SALT LAKE CITY — Utah's winter and summer air pollution seasons look as different as winter and summer, but they're equally bad for your lungs.
The difference: Winter smog is easy to see and easy to understand. It's called particulate pollution because it's made of tiny particles you don't want to breathe in.
But summer ozone is easy to miss. It's a faint haze you can perceive by looking into the distance. Understanding it takes a chemistry lesson.
The story above includes a video made by Colorado's University Corporation of Atmospheric Research. It's a helpful explanation of how ozone is formed.
The basics:
- Ozone is a gas that occurs naturally in the stratosphere — the upper level atmosphere where it is a life-sustaining shield against the sun's rays.
- When intense sunlight strikes the nitrogen oxides and hyrdrocarbons emitted by factories, power plants, industrial and household chemicals and car and other internal combustion engines, the reaction creates ozone in the lower atmosphere.
- The human body evolved to breathe air composed primarily of nitrogen and oxygen, with tiny percentages of various gases that don't include ozone.
- Ozone is considered an oxidant, meaning it breaks down molecules.
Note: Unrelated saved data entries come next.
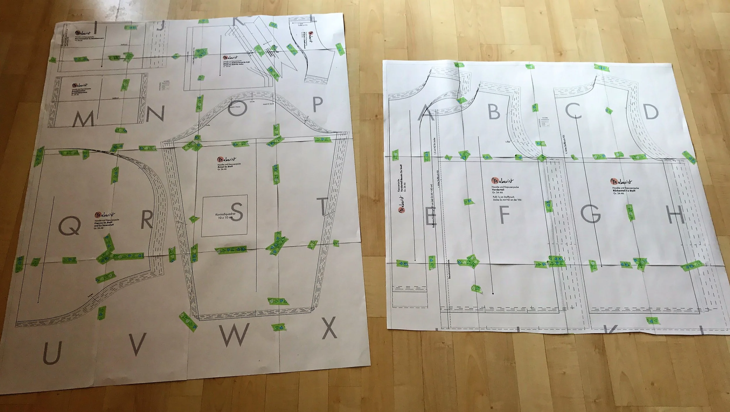 Ich verwende dazu immer am liebsten einen Rollschneider, weil man damit einfach schneller und genauer schneiden kann als mit einer Schere, und Masking-Tape, weil es sich einfach wieder ablösen lässt ohne dabei das Papier zu zerreißen, wenn man sich mal verklebt hat. An dieses Stelle muss ich das Team von Makerist und Katja Bercher sehr loben: Ich habe schon oft mit PDF-Schnittmustern gearbeitet und bis zu diesem Zeitpunkt meistens Probleme gehabt, diese richtig zusammenzufügen, da die Linien nie absolut übereingestimmt haben. Bei diesem PDF waren alle Linien an der richtigen Stelle und so war das Schnittmuster vergleichsweise schnell zusammengesetzt.
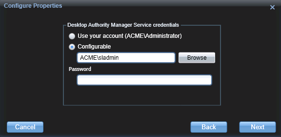 Here you can configure the credentials for the Desktop Authority Manager service.The Manager service is used to manage the Web based Console, replication, and connectivity and communication between the Console and the database. It requires a user account that is a local administrator of the Operations Master server and any other servers that will run Desktop Authority services. This service account is also used when browsing out to Active Directory objects, files and folders and for GPO deployment unless the system preference option, 'Use current user rights for browsing resources' is selected.
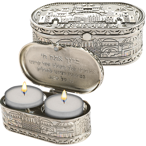 / שש0410 פמוטי נסיעה ניקל בקופסא עם מכסה "ירושלים" 4X9 ס
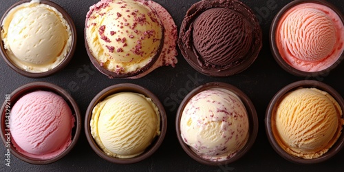 Assorted Ice Cream Scoops in Bowls: Variety of Flavors and Toppings
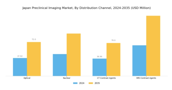 日本の前臨床イメージング市場、特に流通チャネル分野においては、様々な技術的進歩と医療ニーズに牽引され、多様な状況が展開されております。主な要素の中でも、光学イメージングは高解像度でのリアルタイム画像提供が可能であることから注目を集めており、疾患の早期発見とモニタリングを促進します。これに対し核医学イメージングは、生体内での代謝プロセスを可視化することを可能にし、創薬と開発において極めて重要であるため、効果的な研究成果への重要な貢献要素となっています。
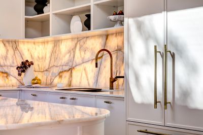 Stunning open plan kitchen with premier appliances, quartz benchtops & backlit splashback
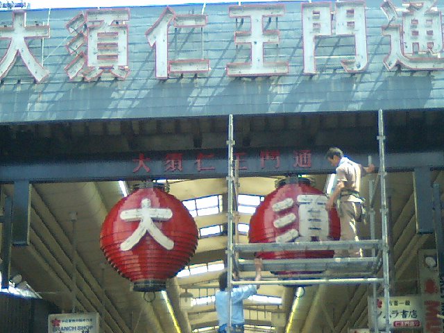 ちょうちんを塗り替えしているのに遭遇~。
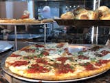 Crushed fresh Tomatoes, fresh garlic, fresh basil, & extra virgin olive oil on a Sicilian square crust, no cheese.
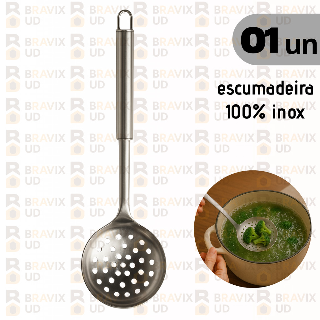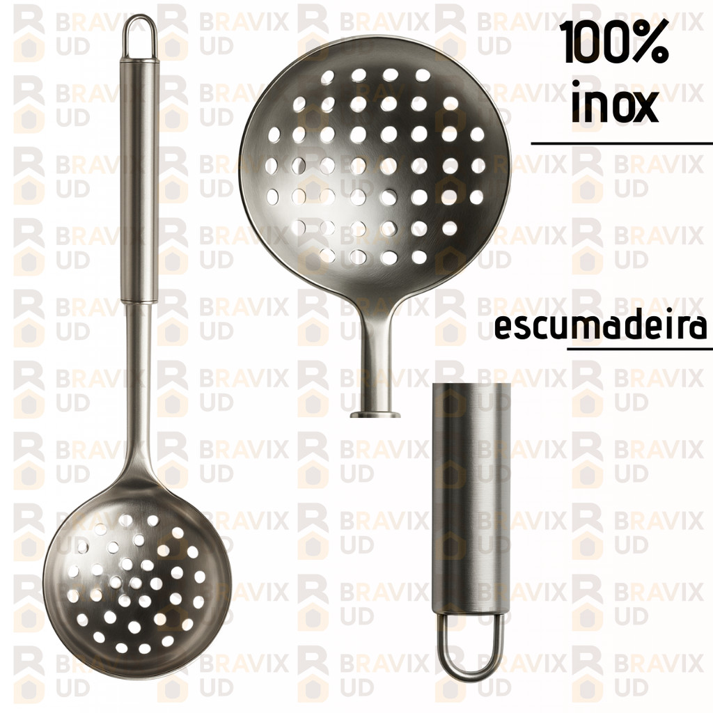 Kit Escumadeira para Fritura Batata Frita Pasteis Inox Cozinha Utensilios Inox
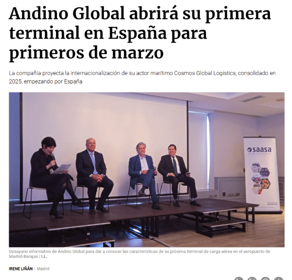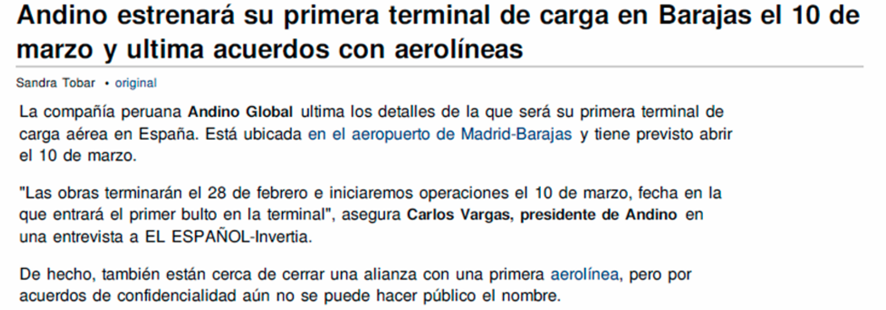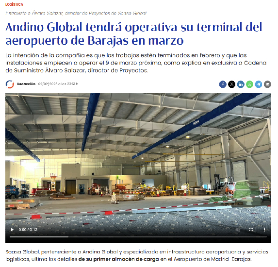 Andino estrenará su primera terminal de carga en Barajas el 10 de marzo y ultima acuerdos con aerolíneas.
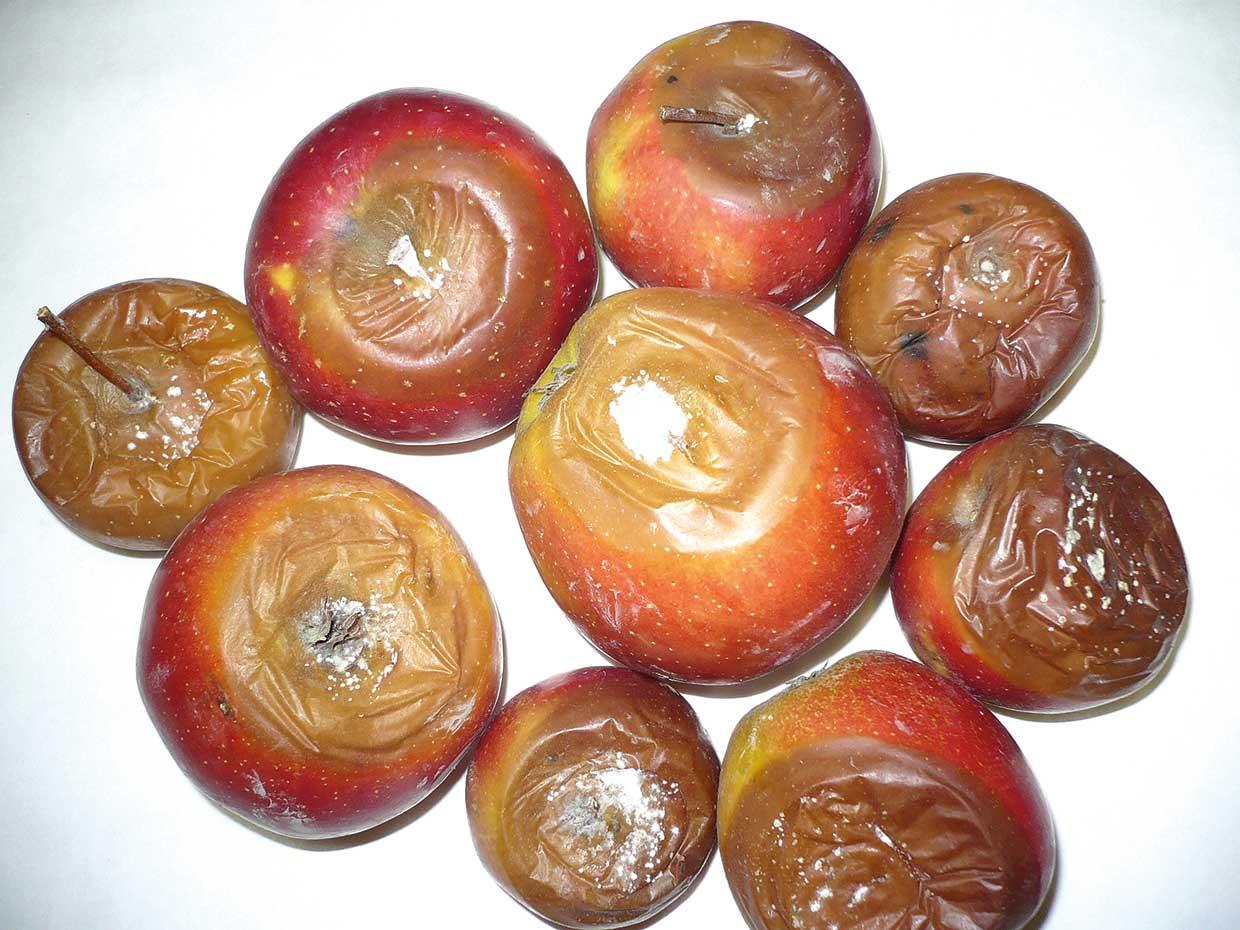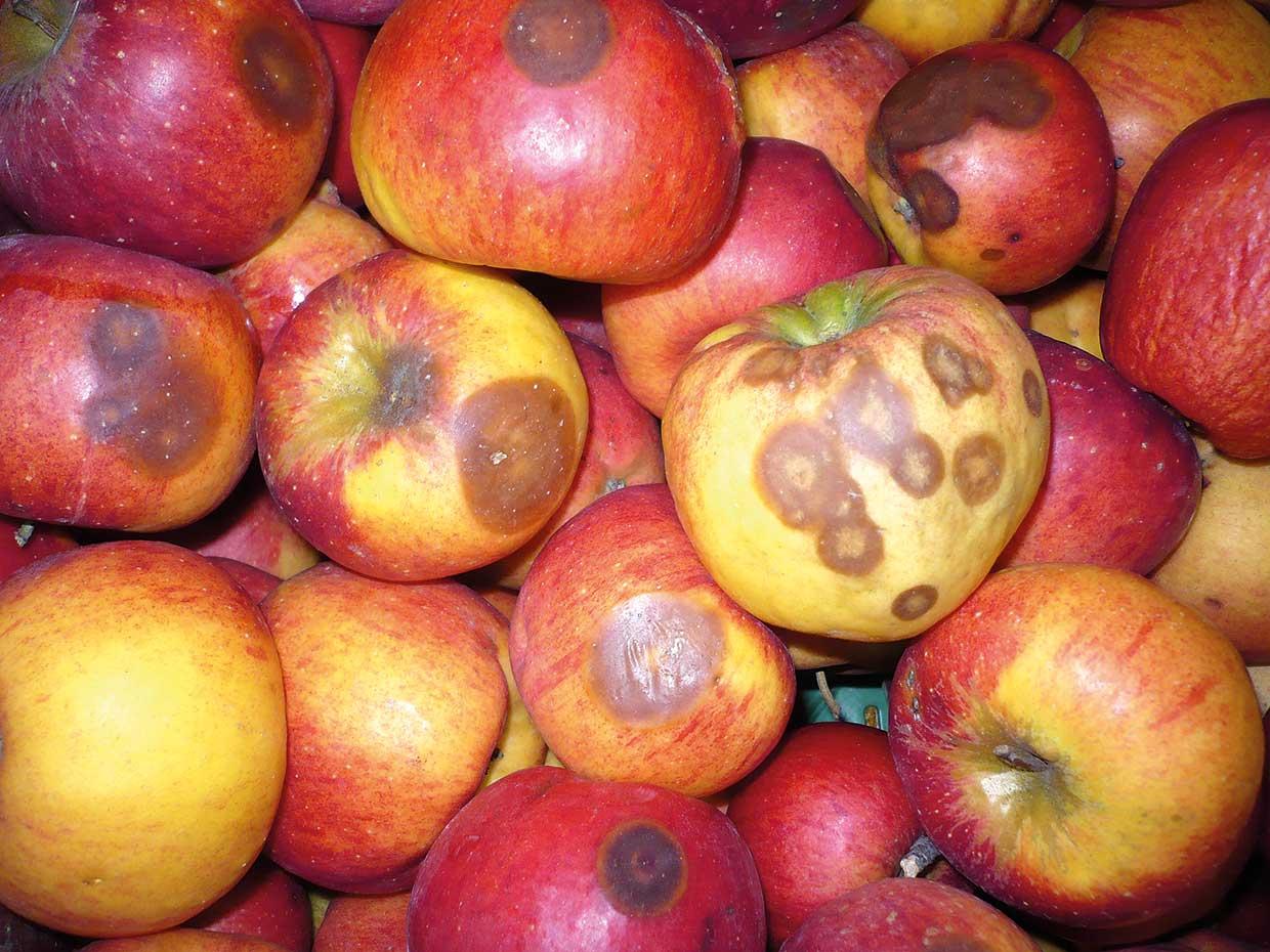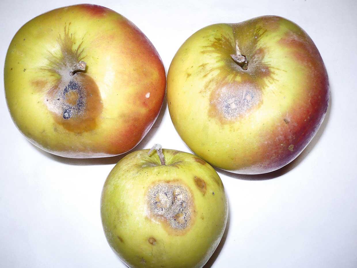 Około sześć tygodni przed zbiorem zaczynamy stosować fungicydy przeciwko najgroźniejszej chorobie – gorzkiej zgniliźnie jabłek i gruszek (fot. 1), a następnie przeciwko szarej pleśni i innym chorobom, które lokalnie mogą stwarzać problemy. Nie należy zapominać także o parchu przechowalniczym. Wprawdzie intensywna walka z parchem jabłoni już za nami, jednak nadal trzeba prowadzić lustracje sadu i w miarę potrzeby interweniować. Nawet niewielkie źródło zakażenia, w postaci „żywych” (zarodnikujących) plam na liściach, może być przyczyną porażenia owoców przy deszczowej pogodzie. Efektem mogą być plamy parcha późnego, rozwijające się jeszcze przed zbiorem jabłek, lub parcha przechowalniczego, które pojawią się dopiero podczas przechowywania. Z uwagi na to zagrożenie, ochrona sadów powinna być kontynuowana przy użyciu preparatów kontaktowych, aż do zbioru owoców. Intensywność ochrony przed gorzką zgnilizną zależy od trzech czynników: obecności źródła choroby w sadzie, podatności odmiany jabłoni lub gruszy i warunków atmosferycznych. Im bardziej podatna odmiana i więcej deszczu w okresie przedzbiorczym, tym więcej zabiegów należy wykonać.
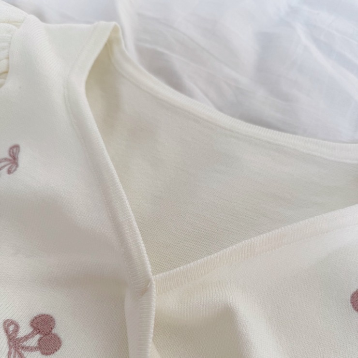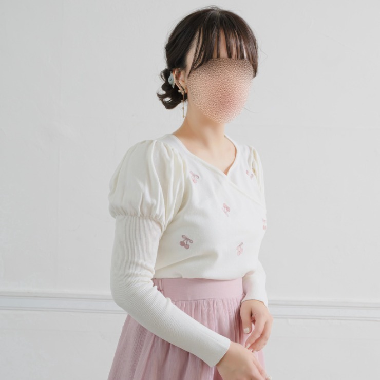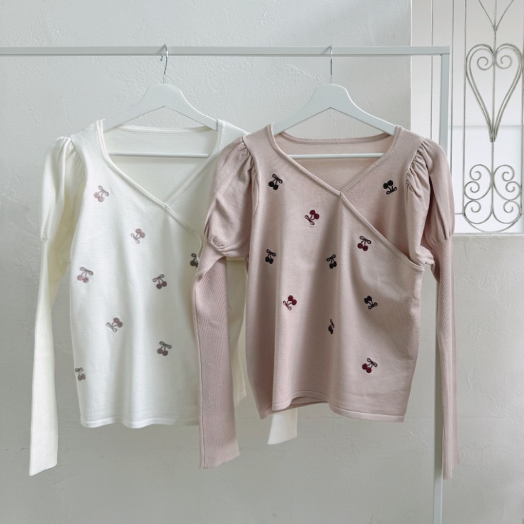 サクランボ柄の刺繍がかわいらしいプルオーバーニットです。
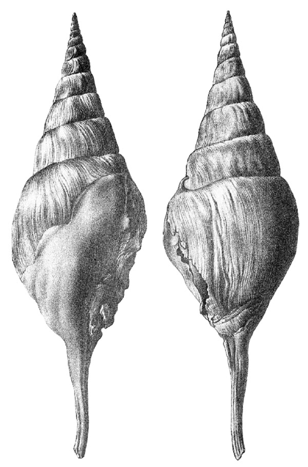 - "R. testa valida, ponderosa, conico-fusiformi, apice subulata, 13-14 anfractibus, primis convexis, longitudinaliter plicatis, coeteris planiusculis, veluti in semetipsos intromissis; in sutura canaliculatis; ultimo ventricoso ad basim sulcato, in rostrum rectum, gracile, perlongum terminato; apertura ovato-oblonga; labio per callum validum incrassato; labro extus marginato, tri vel quadridentato, superne canali spiriformi usque ad penultimum vel antepenultimum anfractum protracto."
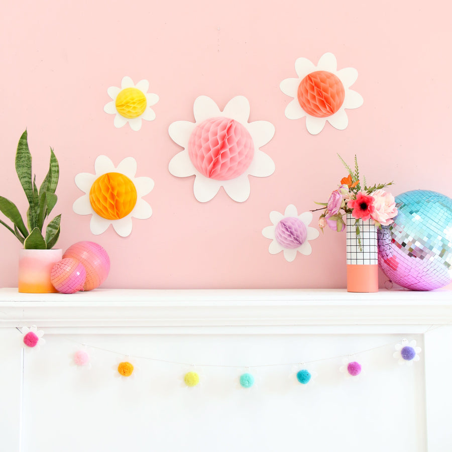 Set of 5 honeycomb daisies with iridescent glitter petals and honeycomb center. Daisies are 7"to 14" across.
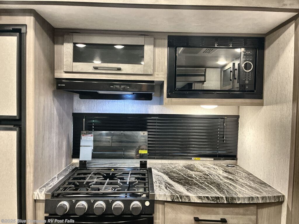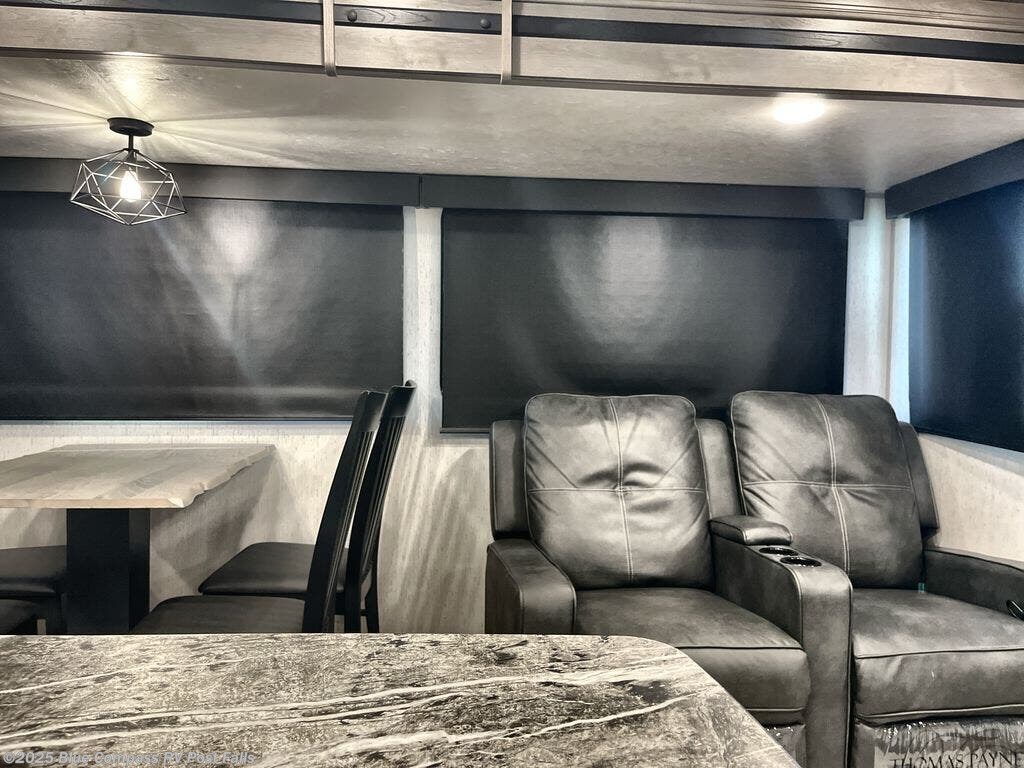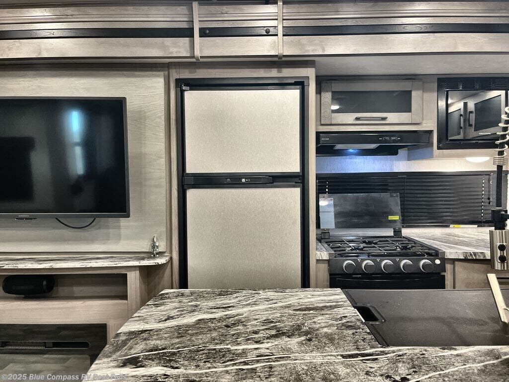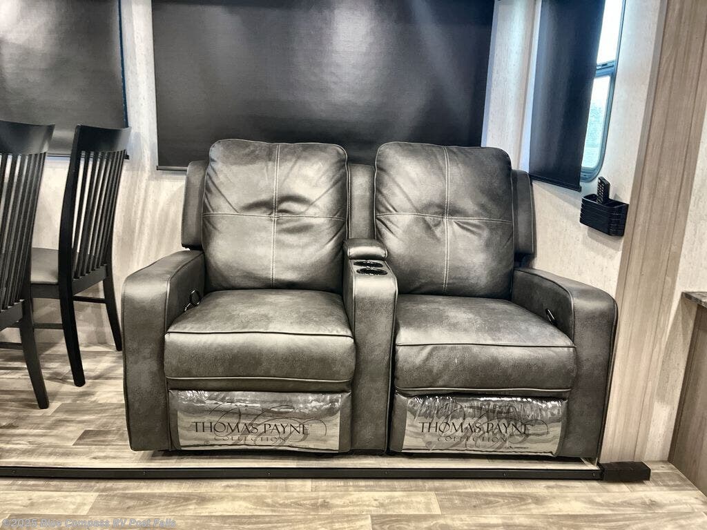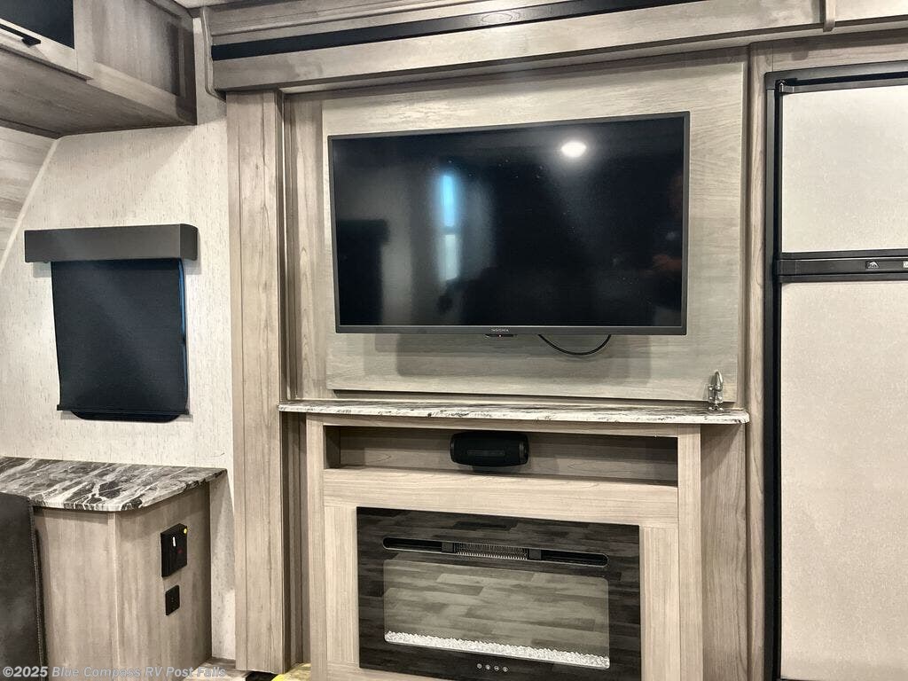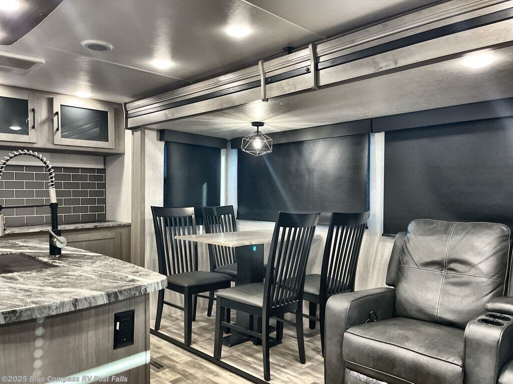Enjoy ultimate family vacations or trips with friends in this spacious travel trailer. The dual opposing slides in the front living area open up the whole unit for a more at-home feel, and you'll find plenty of seating spaces on the theater seats, booth dinette, and sofa. The chef of the family will appreciate the extra counter space provided by the kitchen island, plus there is an extra counter with cabinets above and below for dishes and food. There is an outside kitchen that will come in handy if you like to cook breakfast outdoors, and the power awning with LED lights will provide your crew with shade as they wait for the food to be done. You and your spouse will love retreating to the rear private bedroom for bed each night. Here, the slide out king bed will provide a great night's rest, plus you will have your own fireplace and storage to hang your clothes!

When we breathe it in, it reacts in the lungs like a sunburn.
While ozone is harmful and can have long-lasting health effects, it gives us one advantage in terms of intervening when we have a problem. While winter particulates stick around in the air until an inversion lifts, ozone breaks down in a few hours, meaning each day is something of a clean slate if we make changes like driving less, avoiding the use of gas-burning lawn equipment and encouraging government and industries to adjust their emissions-creating operations.